‘Yes,’ said Ben. He had to let her in, though he did it with an ill grace. He placed his easy-chair for her, and stood leaning against the table, to hear what she had to say. He would not countenance or encourage her to remain by sitting down, but stood with his candle in his hand, a most unwilling host.
‘You are angry with me,’ said Aunt Lydia, ‘and you have reason. But what I want to say is about Dick. If your father had made this move at the right time, it is you who should have gone to Calcutta, Ben. You have the best right. My boy only went, as it were, to fill your place; and he ought to give it up to you now. Of course it was to my brother he owed the appointment. I don’t say Dick should come home; but he has made some money and some friends; and, I think he might do something for himself still, in another way, instead of taking your place.’
‘It is nonsense to call it my place,’ said Ben.
‘I don’t think it is nonsense; for my part, I think of justice,’ said Mrs. Westbury. ‘It would have been yours had you been sent off six or seven years ago, as you ought to have been. Yes, I say as you ought to have been, Ben, like all the Rentons. None of us were ever fine gentlemen. The men always worked before they took their ease, and the women always managed and saved in our house; but you should not be turned out now, when you were not brought up to it. Ben, my brother was very cross to me that Thursday night. It was not him, poor fellow, it was illness that was working on him. He was not in his right mind; and the will ought to be broken.’
‘I can’t have you say this,’ said Ben. ‘I can’t let anybody say it. Aunt Lydia, we had better not discuss the question. We have all made up our minds to my father’s will, such as it is.’
‘Then you are very foolish boys,’ said Mrs. Westbury; ‘when I, who would stand up for him in reason or out of reason, tell you so! Your father’s good name is of as much consequence to me as it is to you. There never was a Renton like that before; but still if it was to stand in the way of justice——! And about Dick. You ought to write to him at once, to tell him he is to look out for something else for himself, and that you mean to take your own place.’
‘I shall never go to Calcutta,’ said Ben shortly.
‘Then what will you do?’ said his aunt. ‘You can’t live on two hundred a-year,—at least you were never meant to live on it,—you know that. And you can’t live on your mother. Unless you are going out to India what are you to do?’

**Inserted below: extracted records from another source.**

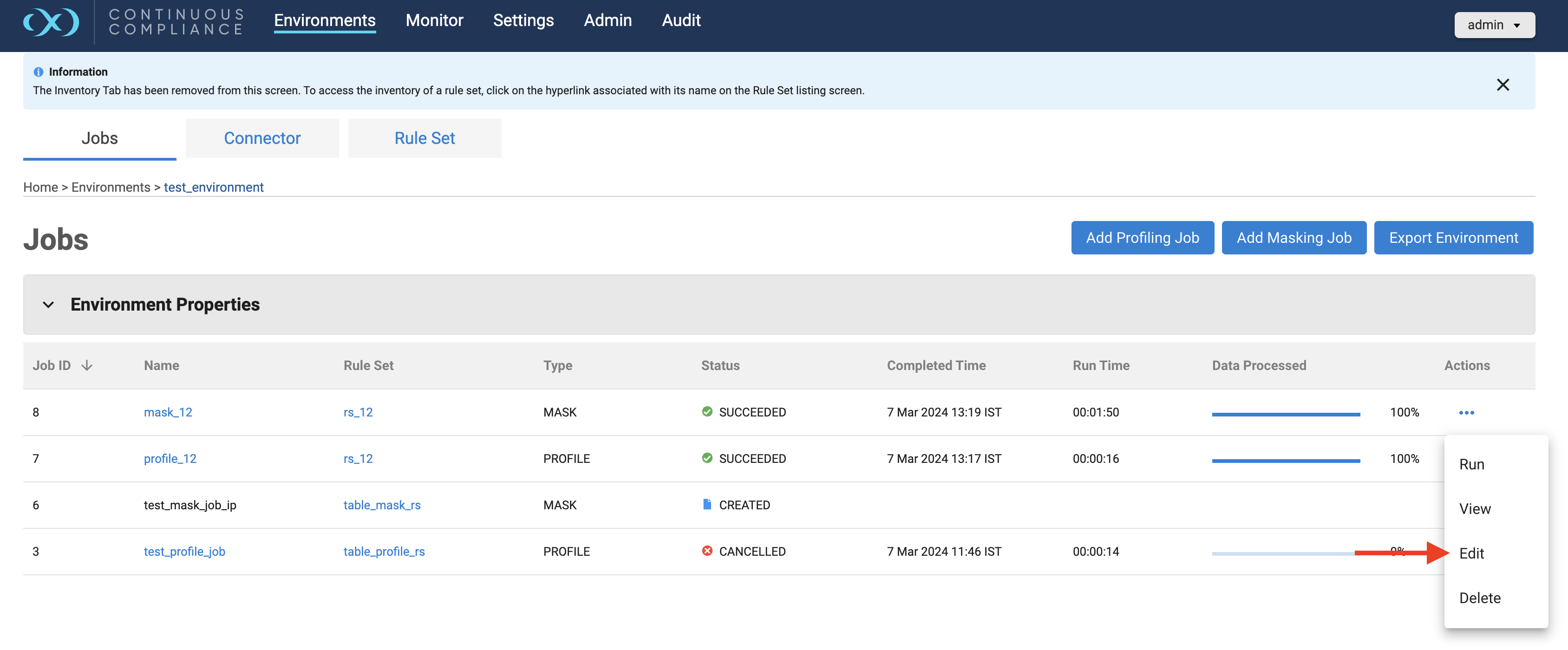 To perform an edit action on any of the Masking jobs, Click the (…) button to the right of the corresponding row under the Actions column, Edit action will be visible. If the user doesn’t have permission to edit the job, then it will be disabled.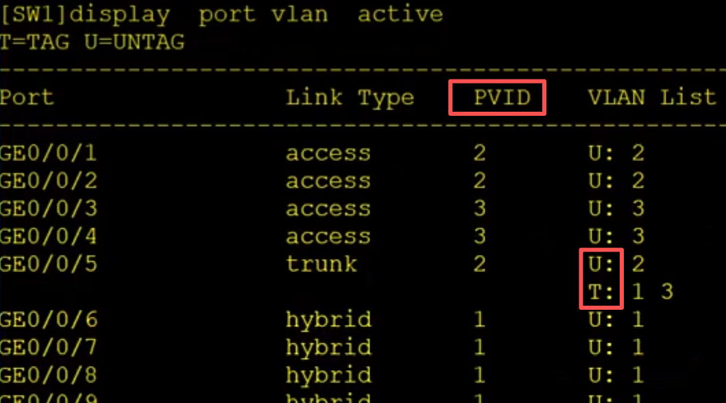当trunk接口发出数据帧时,会查看接口的允许列表,如果数字帧中携带的VID在允许列表中,则会转发这些数据帧,之后如果数据中的VID和接口的PVID一致(U)则剥离标签转发,如果不一致则保留标签(T)转发。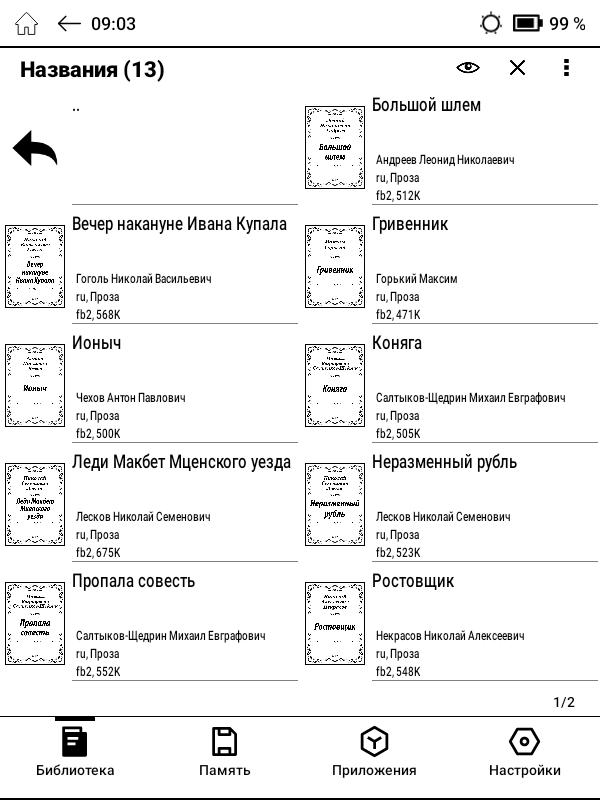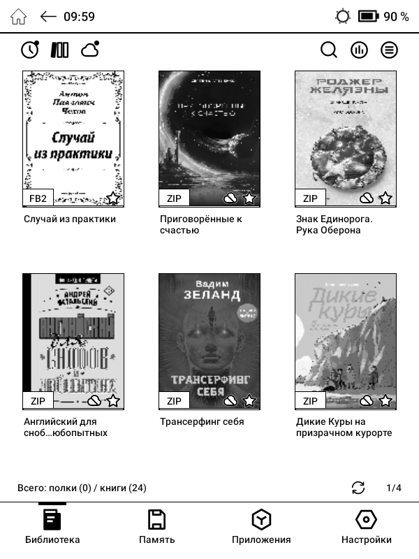 По умолчанию, после включения устройства мы попадаем в электронную библиотеку, которая может автоматически сортировать книги по авторам, названиям и сериям. Есть удобный поиск и фильтры для быстрого поиска нужных книг по жанру, языку, дате публикации и т. д. Кроме того, поддерживаются стандартные папки, созданные на настольном компьютере. Также есть различные удобные «фишки», например, если ридер был выключен во время чтения, то незакрытое произведение на нужной странице сразу же появится на экране. Впрочем, поведение после включения также можно изменить в настройках.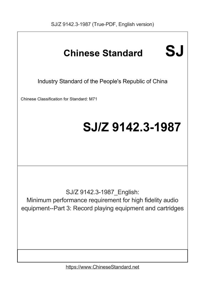 Delivery: <= 3 days. True-PDF full-copy in English will be manually translated and delivered via email. SJZ9142.3-1987: Minimum performance requirement for high fidelity audio equipment--Part 3: Record playing equipment and cartridges Status: Obsolete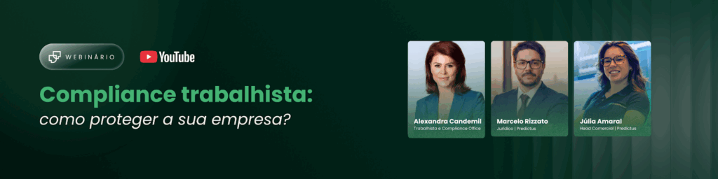 Se você quer aprofundar ainda mais esse tema, recomendamos o webinário “Compliance Trabalhista: como proteger a sua empresa?”, disponível no canal da Predictus no YouTube.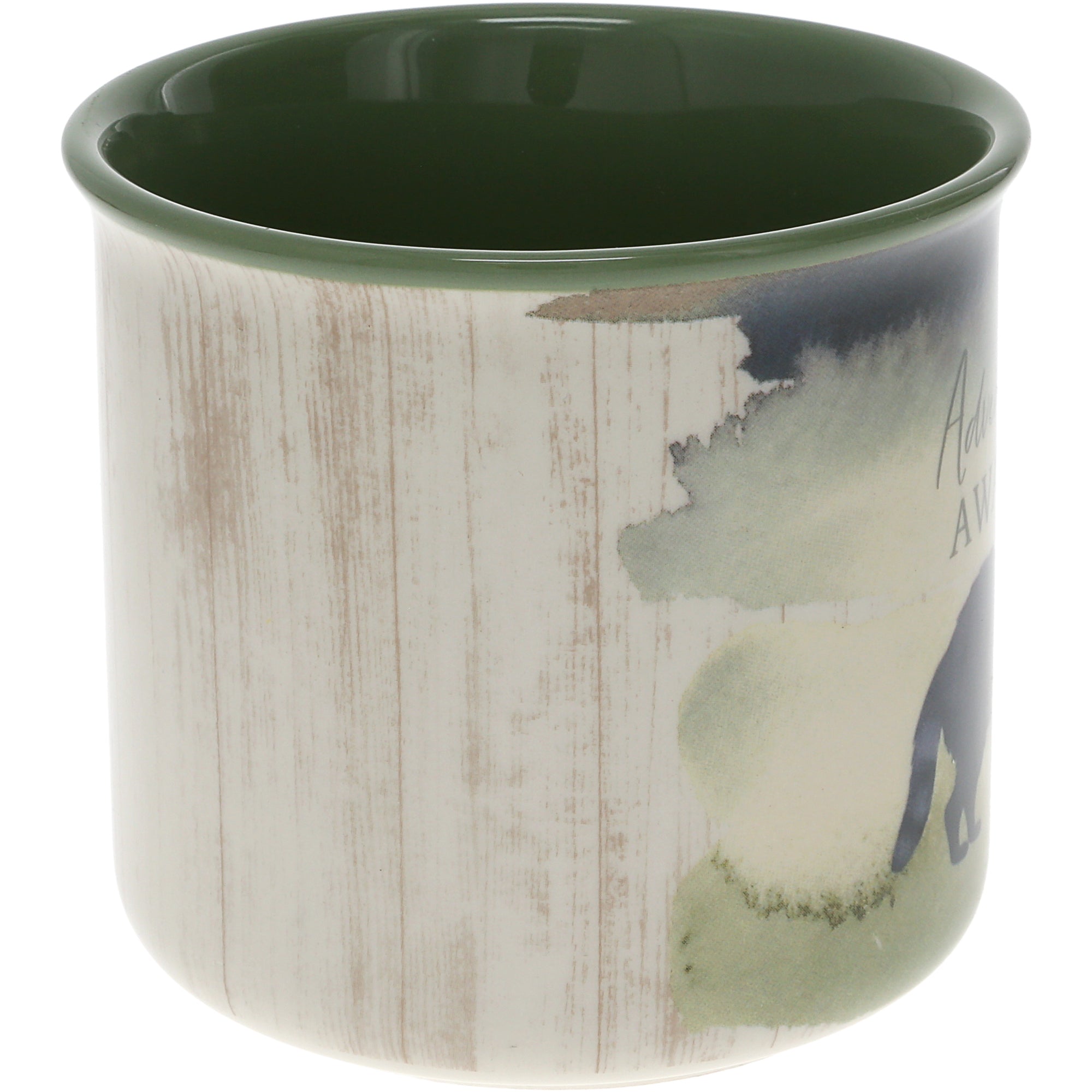 - IN-HOUSE DESIGN: Cream wood-printed wrap design wraps around the entirety of the vessel. In contrast, the front side has a gray, beige, and green watercolor finish with a gray raccoon accompanied by an "Adventure Awaits" sentiment. The handle and interior of the mug is an army green.

‘I shall find something to do,’ said Ben briefly; and then he softened a little. ‘I know you mean to be kind,’ he said. ‘I am sure you always meant to be kind; but I can’t do any of the things you propose. I can neither question my father’s will, nor live on my mother, nor turn out Dick. Let him make the best of it. I should think he had got the worst over now. And don’t blame yourself. I don’t think you were to blame. There must have been some foundation to work on in my father’s thoughts; and it is done; and I will never try to undo it. We must all make the best of it now. Will you do one thing to please me, Aunt Lydia? Let Mary be with my mother as much as you can spare her. She will feel it when we are all gone.’
‘I will do anything you please,’ said Mrs. Westbury, melted to tears. ‘Oh, to think I should have done you so much harm, and be so powerless to do you any good! But, Ben, you have not told me what you are going to do?’